Chao jest pierwszym ministrem, który ogłosił swoje odejście po wydarzeniach na Kapitolu. Wielu urzędników administracji niższego szczebla ogłosiło rezygnację, w tym kilku współpracowników Białego Domu.

Chao powiedziała, że jej rezygnacja wejdzie w życie w poniedziałek, zaledwie dziewięć dni przed końcem kadencji Trumpa.

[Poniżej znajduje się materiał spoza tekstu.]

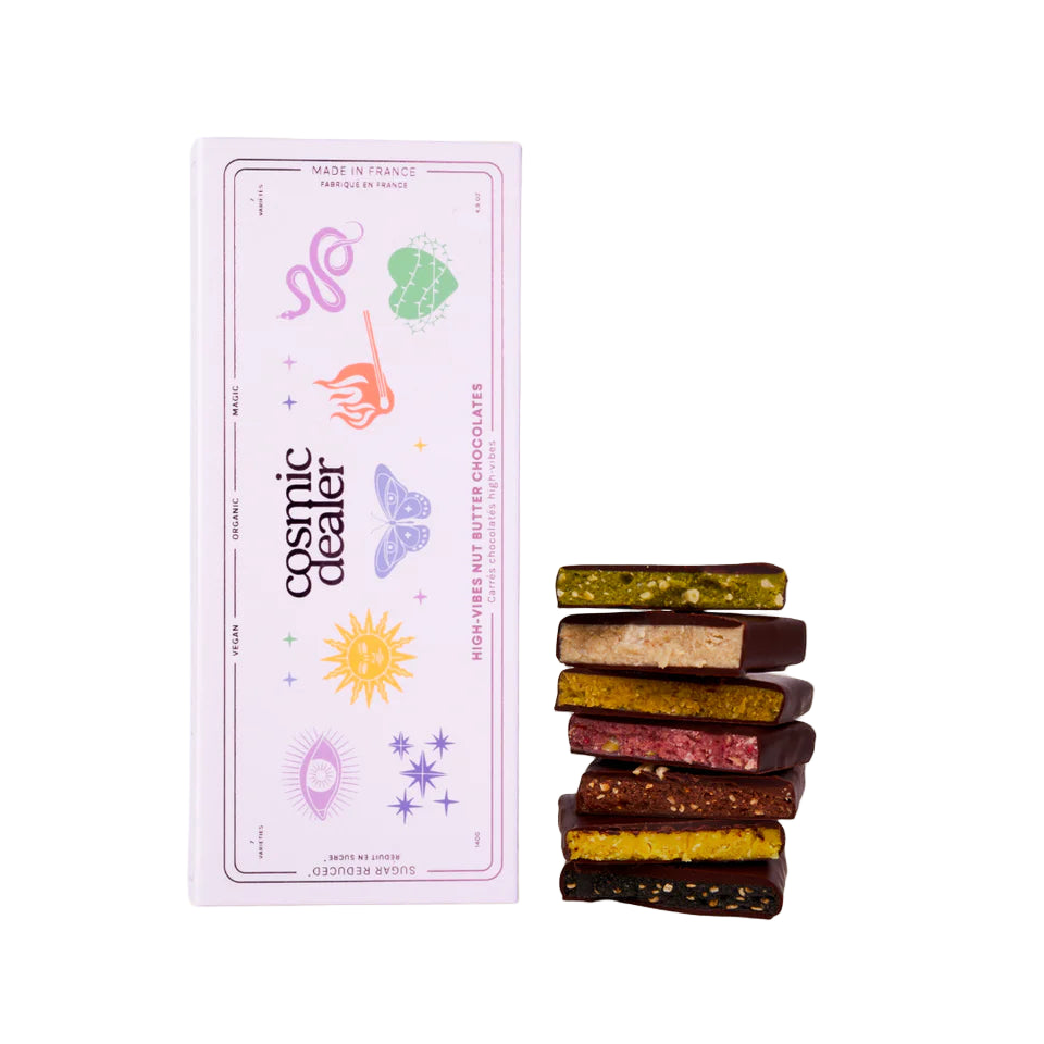 A variety of healthy nut and seed butter squares, dipped in raw dark chocolate and microdosed with functional botanicals.

Chao, była minister pracy i zastępczynią szefa resortu transportu za rządów poprzednich republikańskich prezydentów, kierowała ministerstwem transportu przez ostatnie cztery lata. - Pomożemy mojemu następcy, burmistrzowi Pete'owi Buttigiegowi przejąć odpowiedzialność za prowadzenie tego wspaniałego resortu - powiedziała.

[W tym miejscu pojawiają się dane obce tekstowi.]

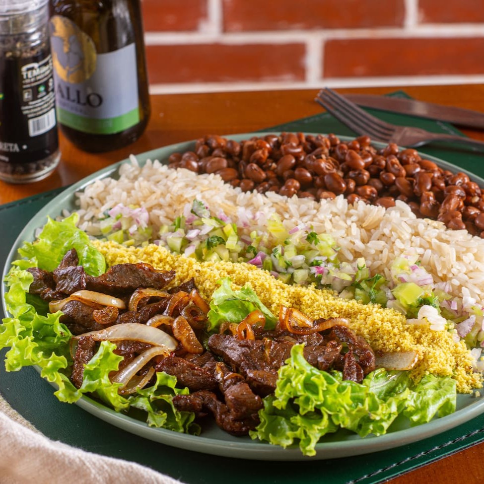 O segundo prato mais vendido do nosso restaurante. Nossa carne de sol em cubos ou iscas, acompanhado de feijão de corda amanteigado, arroz refogado, farofinha acebolada e vinagrete.
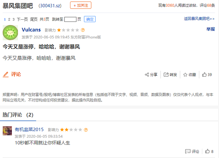 “今天又是涨停,哈哈哈,谢谢暴风!”——“10秒都不用就让你怀疑人生……”两名股民在股吧一前一后的对话,正反映出6月5日暴风集团股价走势的玄幻。
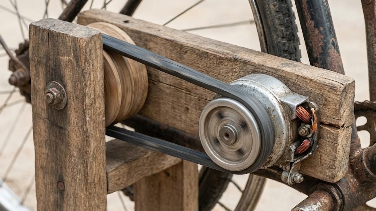 Esse eixo transmitia o movimento para um gerador adaptado a partir de um motor de bicicleta, um dos poucos componentes que William conseguiu encontrar em ferro-velho. A rotação fazia o gerador produzir energia por indução eletromagnética, permitindo carregar uma bateria de 12 volts.
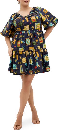 Billowy elbow-length sleeves bring soft volume to this tiered Amalfi-print minidress made from lightweight cotton and fashioned with a smocked back for a flexible fit.

W wywiadzie udzielonym Agencji Reutera 31 grudnia Chao mówiła, że planuje pozostać na stanowisku do 20 stycznia, kiedy to prezydent elekt Joe Biden ma objąć urząd. Jeden z przedstawicieli amerykańskich władz powiedział, że przed poniedziałkiem mogą nastąpić kolejne dymisje. 

Elaine Chao jest żoną lidera większości republikańskiej w Senacie - Mitcha McConnella.

68 aresztowań

W czwartek szef policji w stolicy Stanów Zjednoczonych Robert Contee poinformował, że waszyngtońska policja dokonała 68 aresztowań związanych ze środowym szturmem na Kapitol, w większości na terenie siedziby Kongresu USA.

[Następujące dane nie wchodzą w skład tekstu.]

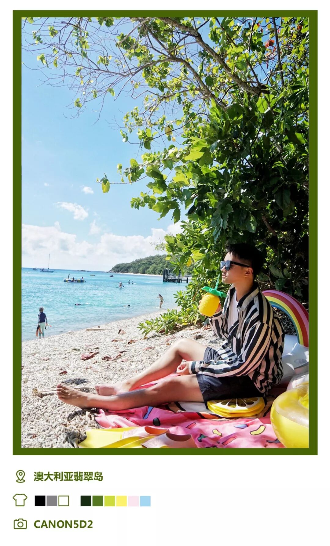 坐火车去位于昆士兰州凯恩斯市以北约27公里的热带雨林中的小镇库兰达,沿途风景像是穿梭在一个奇妙的世界。回程坐缆车可以俯瞰另一个视角的热带雨林。还可以去翡翠岛,马上开启海边度假模式,大条纹的衬衫加短裤T恤墨镜,就很舒服了,海边可以多带一些道具。

- Wciąż mamy przed sobą dużo pracy, aby zidentyfikować i pociągnąć do odpowiedzialności każdą osobę z tego brutalnego tłumu - powiedział dziennikarzom szef stołecznej policji.

Z kolei policja Kapitolu podała w czwartek, że aresztowała 14 podejrzanych w związku z zamieszkami i grabieżami, do których doszło w środę na terenie Kapitolu. Większość podejrzanych została oskarżona o nielegalne wejście na Kapitol, a kilku innym postawiono zarzuty, takie jak napad na policjanta i noszenie nielegalnej broni palnej czy amunicji - podał Reuter.

W swoim pierwszym publicznym oświadczeniu szef policji Kapitolu Steven Sund powiedział, że oblężenie terenu i siedziby Kongresu USA przez tłum zwolenników ustępującego prezydenta Donalda Trumpa, którzy nie zgadzają się z jego porażką w listopadowych wyborach, było "przestępczym, buntowniczym zachowaniem".

Sund przekazał, że brutalny tłum, który wtargnął do budynku, używał przeciwko organom ścigania metalowych rur, chemicznych środków drażniących i innej broni. Protestujący zaatakowali funkcjonariuszy policji i "byli zdeterminowani, aby wejść do budynku Kapitolu, powodując wielkie szkody" - poinformował.

Ponad 50 funkcjonariuszy rannych

Funkcjonariusz policji Kapitolu zastrzelił jedną osobę, którą Sund zidentyfikował jako Ashli Babbitt, uczestniczkę zamieszek. Sund nie podał tożsamości policjanta, ale powiedział, że zostanie on skierowany na przymusowy urlop, a jego uprawnienia policyjne zostały zawieszone do czasu dochodzenia.

Sund poinformował, że policja Kapitolu prowadzi również "gruntowny przegląd" w związku z atakiem, w tym pod względem planowania bezpieczeństwa, zasad i procedur. Bronił odpowiedzi swojej formacji przed krytyką, że funkcjonariusze nie powstrzymali szturmu na Kapitol. Dodał, że policja Kapitolu "miała solidny plan" na wypadek pokojowych protestów.

Powiedział, że ponad 50 funkcjonariuszy policji Kapitolu i stołecznej policji zostało rannych, a kilku policjantów jego formacji jest w szpitalu z poważnymi obrażeniami.